For this exercise, reproduce only the lines from the one holding "重慶市巴南區魚洞學法一小組大法弟子恭祝師尊新年快樂!" through the final line of the data below, exactly, and omit pictures.
━━━━━ Information ━━━━━
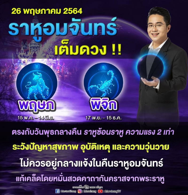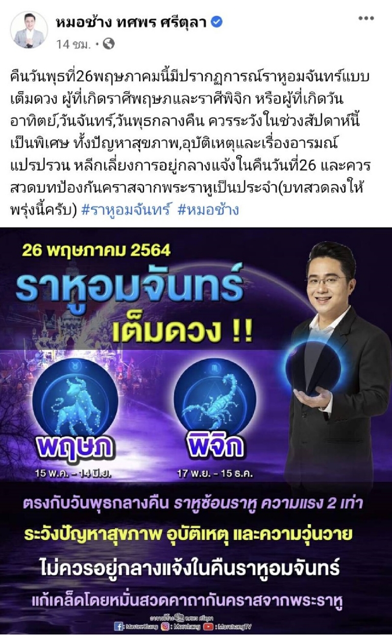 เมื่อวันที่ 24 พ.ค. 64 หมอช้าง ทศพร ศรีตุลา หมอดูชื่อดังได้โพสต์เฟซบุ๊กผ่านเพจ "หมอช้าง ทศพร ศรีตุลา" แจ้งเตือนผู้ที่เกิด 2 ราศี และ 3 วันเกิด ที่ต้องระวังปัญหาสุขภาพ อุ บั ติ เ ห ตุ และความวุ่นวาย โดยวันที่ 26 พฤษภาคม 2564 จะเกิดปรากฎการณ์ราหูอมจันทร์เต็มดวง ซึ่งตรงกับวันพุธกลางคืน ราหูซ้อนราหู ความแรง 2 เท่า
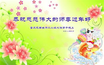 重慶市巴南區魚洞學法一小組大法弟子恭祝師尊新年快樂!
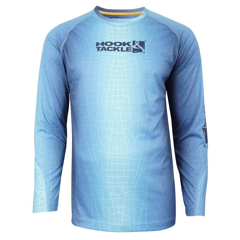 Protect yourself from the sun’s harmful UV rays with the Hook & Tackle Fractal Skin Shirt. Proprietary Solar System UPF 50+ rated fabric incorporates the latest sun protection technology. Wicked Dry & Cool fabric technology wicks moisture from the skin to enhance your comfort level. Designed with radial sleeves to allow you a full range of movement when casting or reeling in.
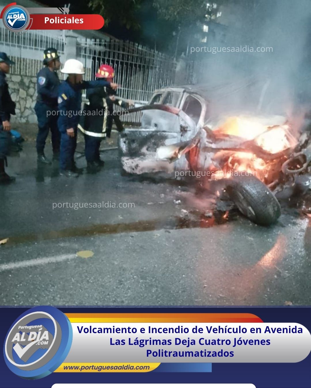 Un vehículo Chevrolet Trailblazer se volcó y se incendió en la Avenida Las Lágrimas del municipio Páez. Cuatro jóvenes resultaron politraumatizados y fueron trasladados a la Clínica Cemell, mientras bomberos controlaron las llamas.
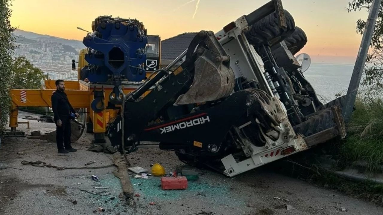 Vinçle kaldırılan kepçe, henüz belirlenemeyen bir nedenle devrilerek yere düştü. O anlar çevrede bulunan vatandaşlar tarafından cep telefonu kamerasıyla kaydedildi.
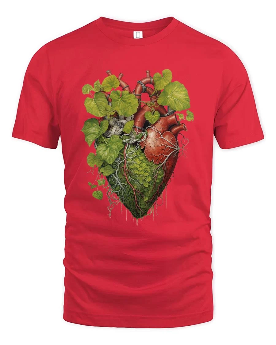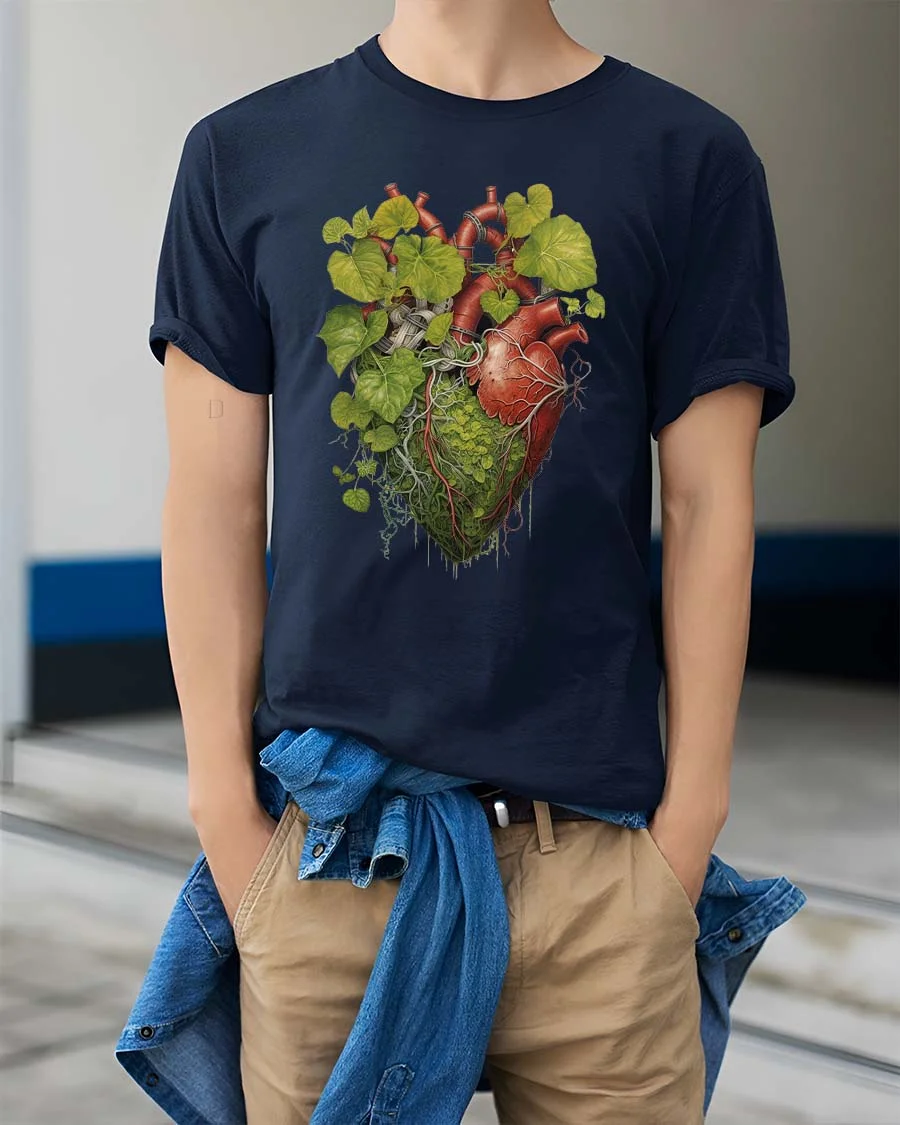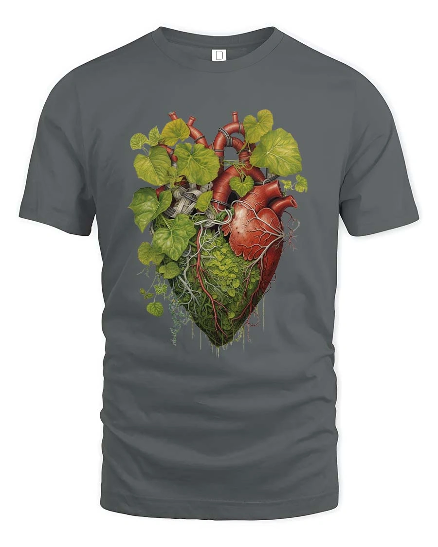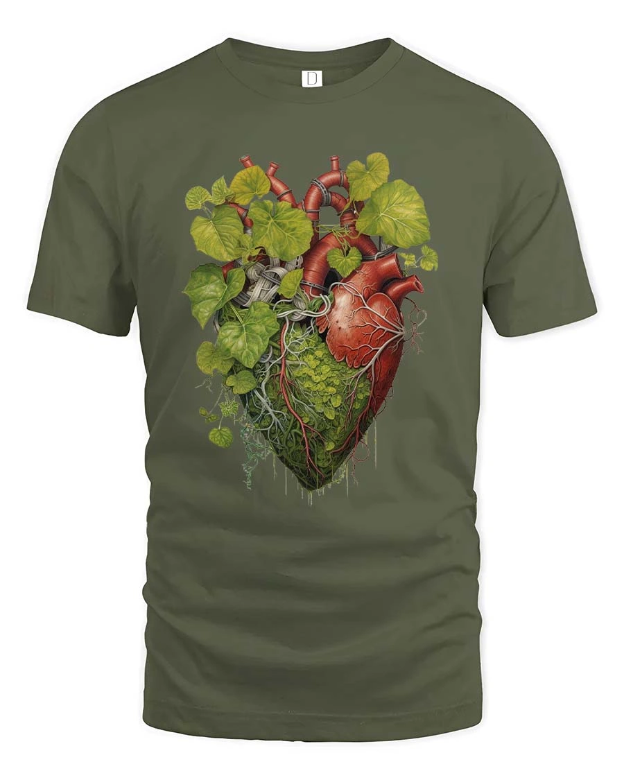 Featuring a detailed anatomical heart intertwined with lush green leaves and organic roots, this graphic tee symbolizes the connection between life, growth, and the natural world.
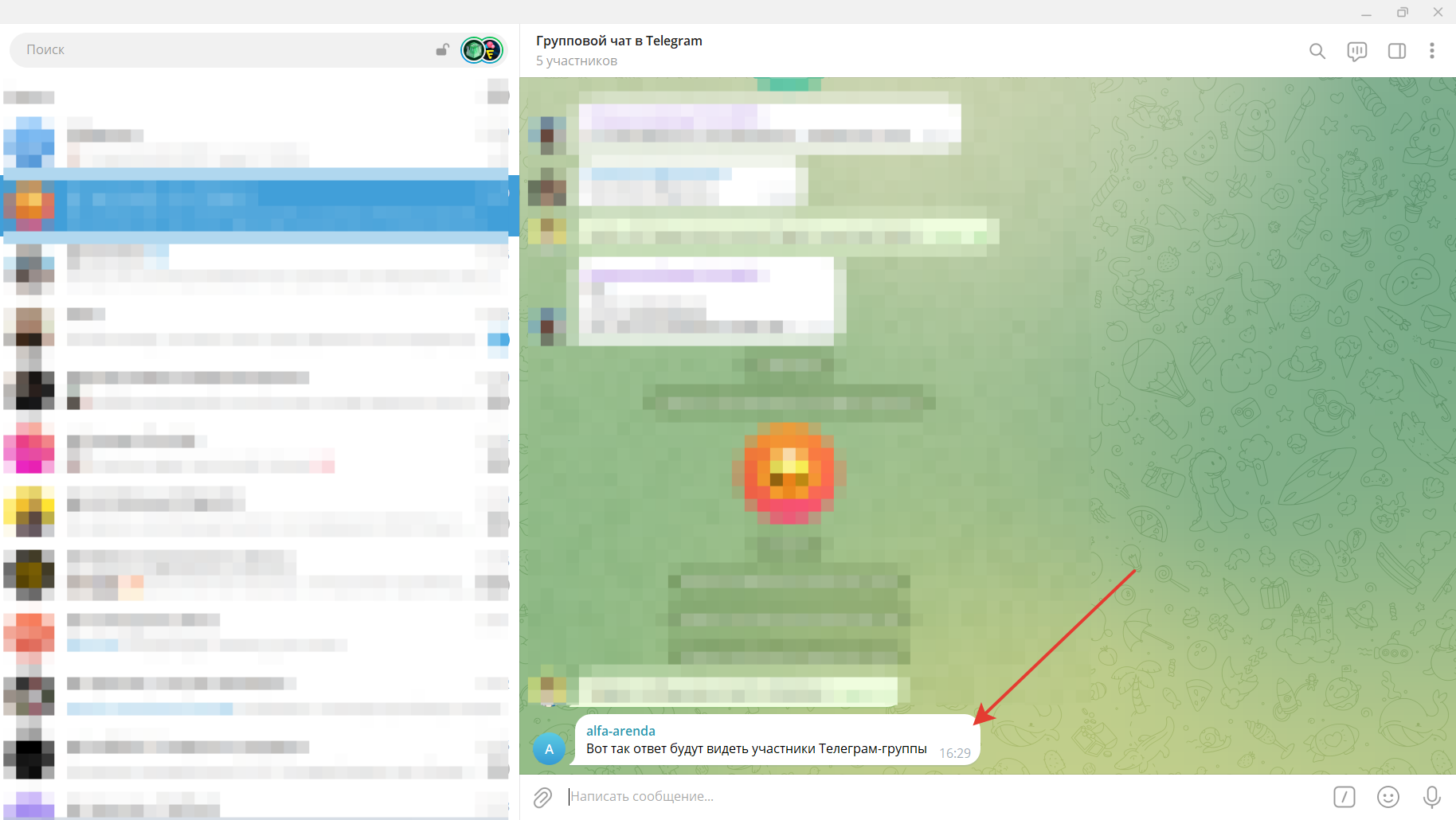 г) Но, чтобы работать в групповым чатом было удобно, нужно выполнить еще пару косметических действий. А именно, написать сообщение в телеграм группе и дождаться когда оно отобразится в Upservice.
━━━━━
### Response
 重慶市巴南區魚洞學法一小組大法弟子恭祝師尊新年快樂!
 Protect yourself from the sun’s harmful UV rays with the Hook & Tackle Fractal Skin Shirt. Proprietary Solar System UPF 50+ rated fabric incorporates the latest sun protection technology. Wicked Dry & Cool fabric technology wicks moisture from the skin to enhance your comfort level. Designed with radial sleeves to allow you a full range of movement when casting or reeling in.
 Un vehículo Chevrolet Trailblazer se volcó y se incendió en la Avenida Las Lágrimas del municipio Páez. Cuatro jóvenes resultaron politraumatizados y fueron trasladados a la Clínica Cemell, mientras bomberos controlaron las llamas.
 Vinçle kaldırılan kepçe, henüz belirlenemeyen bir nedenle devrilerek yere düştü. O anlar çevrede bulunan vatandaşlar tarafından cep telefonu kamerasıyla kaydedildi.
 Featuring a detailed anatomical heart intertwined with lush green leaves and organic roots, this graphic tee symbolizes the connection between life, growth, and the natural world.
 г) Но, чтобы работать в групповым чатом было удобно, нужно выполнить еще пару косметических действий. А именно, написать сообщение в телеграм группе и дождаться когда оно отобразится в Upservice.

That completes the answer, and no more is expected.